Facebook is a private company. You agree to its terms of service when you use its platform, and you have very few rights to privacy in exchange for the ‘convenience’ it provides. Your right to free speech, if you are in the USA, is a constitutional right – it does not extend to private companies, and they are under no obligation to grant it, nor to curtail it.
The likelihood of Facebook changing its business model as it adopts a cryptocurrency seems low. Trust is earned, and Facebook is in debt.
Decentralization Is Your Friend
At the heart of cryptocurrencies and much of the blockchain technology behind them is the concept of ‘decentralization’.
Decentralization is a movement: it is a conscious effort by some people across the globe to reduce the control that certain organizations, such as banks and technology companies, exert over our lives. (We’re discussing private businesses, although governments are also often criticized too – but that’s a different argument.)
In truth, decentralization is a dream, an ideal. It is neither practical, likely, nor even desirable that we will realize a fully-decentralized existence.

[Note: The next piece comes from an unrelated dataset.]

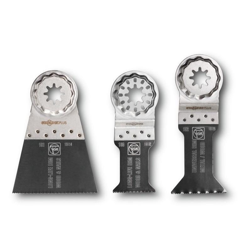 E-Cut Sägeblatt Combo – Zusammenstellung der 3 wichtigsten FEIN E-Cut Sägeblätter für den universellen Einsatz. Preisvorteil gegenüber Einzelbezug. Für alle Säge-Anwendungen perfekt ausgestattet. – Lieferumfang: je 1 E-Cut Long-Life Sägeblatt 35 mm und 65 mm breit und 1 E-Cut Universal-Sägeblatt 44 mm breit

But a degree of control over our own data, our own identities, and who has access to our experiences is – many of us believe – a fundamental human right.
Truly decentralized blockchains, like Bitcoin’s, are controlled by no single person or entity.
Users are in control of what they spend, with whom, and on what. The miners that work to keep the network running smoothly do receive a transaction fee for doing so.
It is minuscule in comparison to that imposed by Visa, MasterCard, and PayPal.
Legacy payment processors have joined forces with Facebook to co-opt the cryptocurrency movement and keep control in the hands of the global conglomerates that have been selling your data and taking your money for years.
Libra will be a centralized cryptocurrency, despite efforts to involve stakeholders such as other payment companies – which is likely a ploy to avoid the regulatory issues that have plagued the cryptocurrency industry to date.
Facebook will be in control of your money, and it will use and share your data according to its own agenda.
In many ways, Libra is a declaration of war on decentralization. We have a clear choice: resist centrally controlled cryptocurrencies, or roll over and accept our fate as pawns in the great game of jurisdiction over our data. And our money.
The only true ally you have in the future is your freedom.
And decentralization equals freedom.